_Work to be completed_. The answer should hold only the lines from the one containing "This paper proposes" through the one containing "Златни детски обеци" in the entries below, copied exactly, without pictures.
=== Begin Enclosure ===
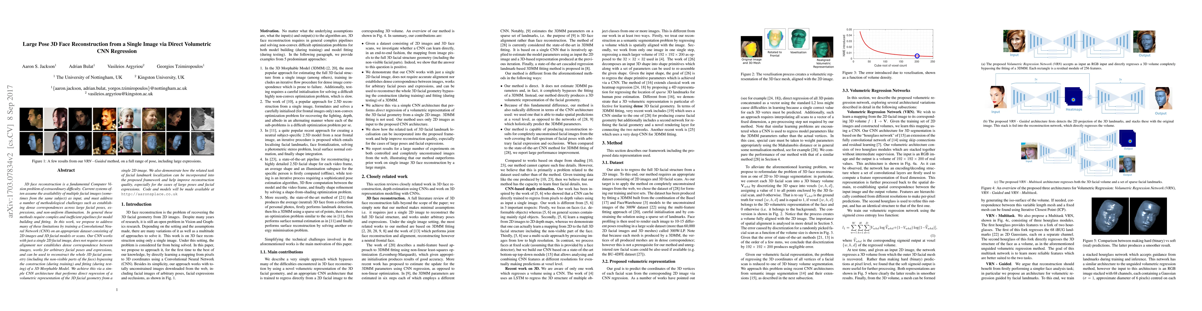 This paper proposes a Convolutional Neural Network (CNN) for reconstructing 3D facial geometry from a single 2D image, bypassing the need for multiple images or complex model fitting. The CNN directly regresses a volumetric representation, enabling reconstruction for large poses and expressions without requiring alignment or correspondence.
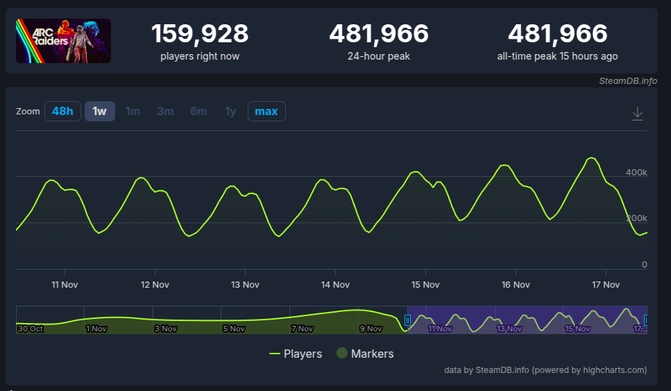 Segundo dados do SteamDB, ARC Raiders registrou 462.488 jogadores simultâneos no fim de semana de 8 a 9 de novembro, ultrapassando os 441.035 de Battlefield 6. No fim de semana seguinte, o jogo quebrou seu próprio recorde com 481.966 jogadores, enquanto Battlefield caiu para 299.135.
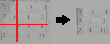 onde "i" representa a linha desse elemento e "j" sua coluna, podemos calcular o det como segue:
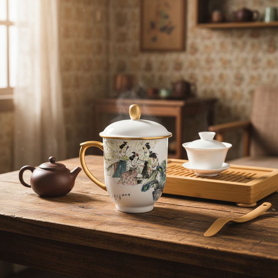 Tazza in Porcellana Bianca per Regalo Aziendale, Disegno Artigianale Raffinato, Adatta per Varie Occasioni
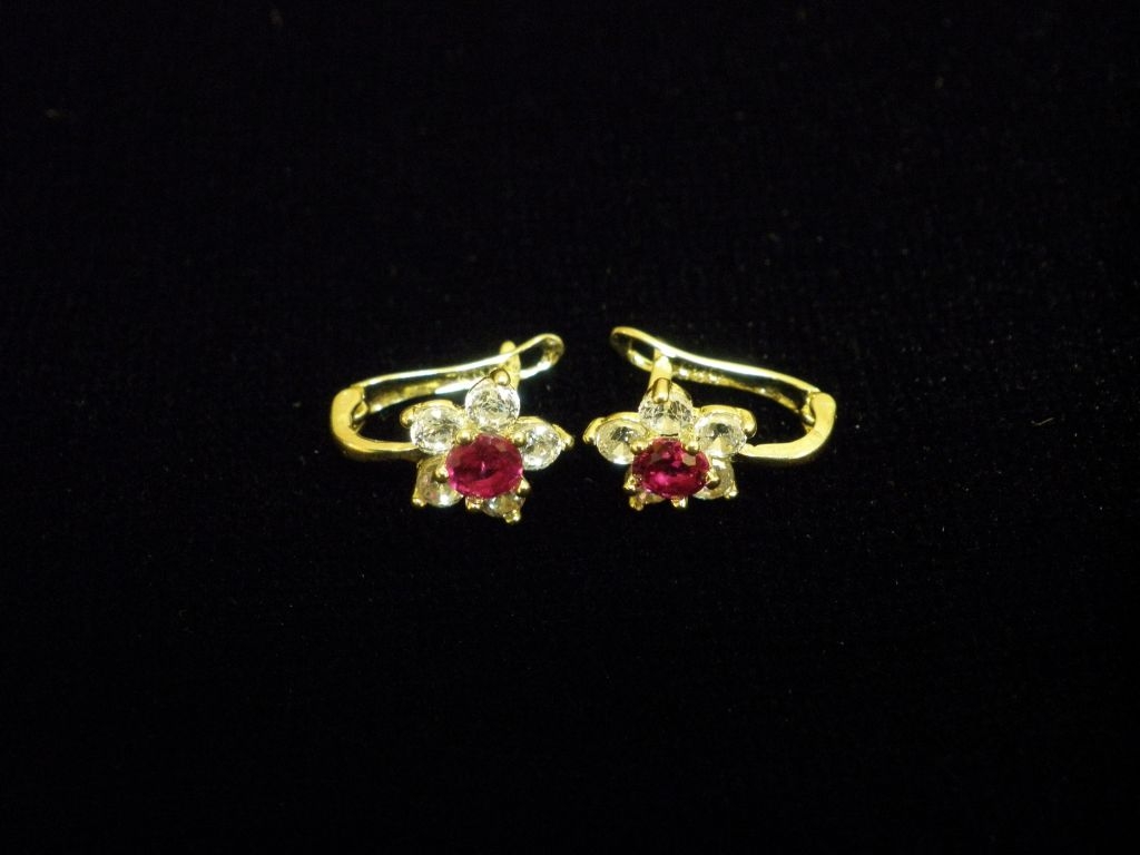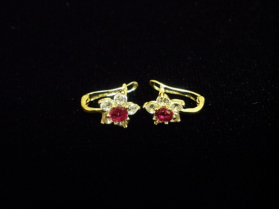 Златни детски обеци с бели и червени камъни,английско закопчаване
=== End Enclosure ===
=== Begin Enclosure ===
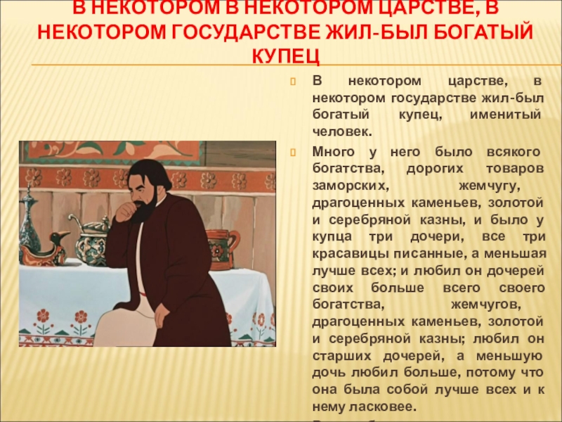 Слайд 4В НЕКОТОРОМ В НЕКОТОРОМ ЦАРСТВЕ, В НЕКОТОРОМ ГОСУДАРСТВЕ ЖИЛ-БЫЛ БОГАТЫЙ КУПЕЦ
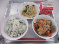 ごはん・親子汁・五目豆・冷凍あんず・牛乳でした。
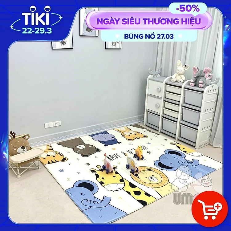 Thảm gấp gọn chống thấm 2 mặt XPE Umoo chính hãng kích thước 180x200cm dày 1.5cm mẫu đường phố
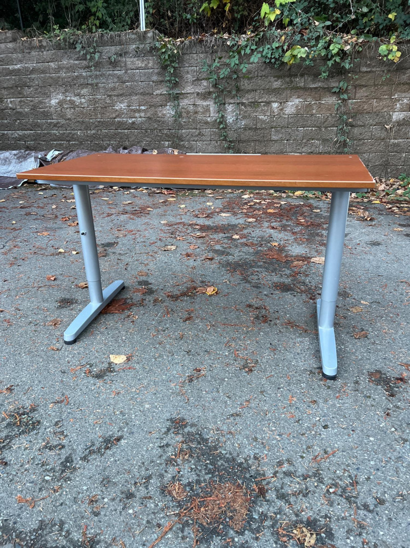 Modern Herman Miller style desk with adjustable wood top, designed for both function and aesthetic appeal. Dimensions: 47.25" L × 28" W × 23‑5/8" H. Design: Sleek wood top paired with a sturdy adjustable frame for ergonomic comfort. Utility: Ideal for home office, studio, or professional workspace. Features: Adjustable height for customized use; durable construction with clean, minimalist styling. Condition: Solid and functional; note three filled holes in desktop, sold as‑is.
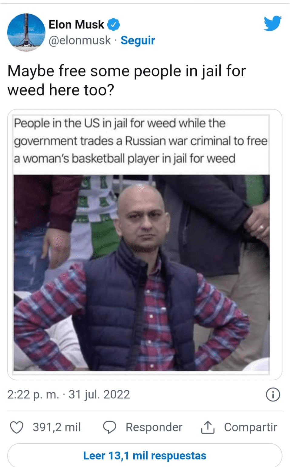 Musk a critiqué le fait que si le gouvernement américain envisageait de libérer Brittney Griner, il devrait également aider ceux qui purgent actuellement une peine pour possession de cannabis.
=== End Enclosure ===
_Task solution_.
 This paper proposes a Convolutional Neural Network (CNN) for reconstructing 3D facial geometry from a single 2D image, bypassing the need for multiple images or complex model fitting. The CNN directly regresses a volumetric representation, enabling reconstruction for large poses and expressions without requiring alignment or correspondence.
 Segundo dados do SteamDB, ARC Raiders registrou 462.488 jogadores simultâneos no fim de semana de 8 a 9 de novembro, ultrapassando os 441.035 de Battlefield 6. No fim de semana seguinte, o jogo quebrou seu próprio recorde com 481.966 jogadores, enquanto Battlefield caiu para 299.135.
 onde "i" representa a linha desse elemento e "j" sua coluna, podemos calcular o det como segue:
 Tazza in Porcellana Bianca per Regalo Aziendale, Disegno Artigianale Raffinato, Adatta per Varie Occasioni
 Златни детски обеци с бели и червени камъни,английско закопчаване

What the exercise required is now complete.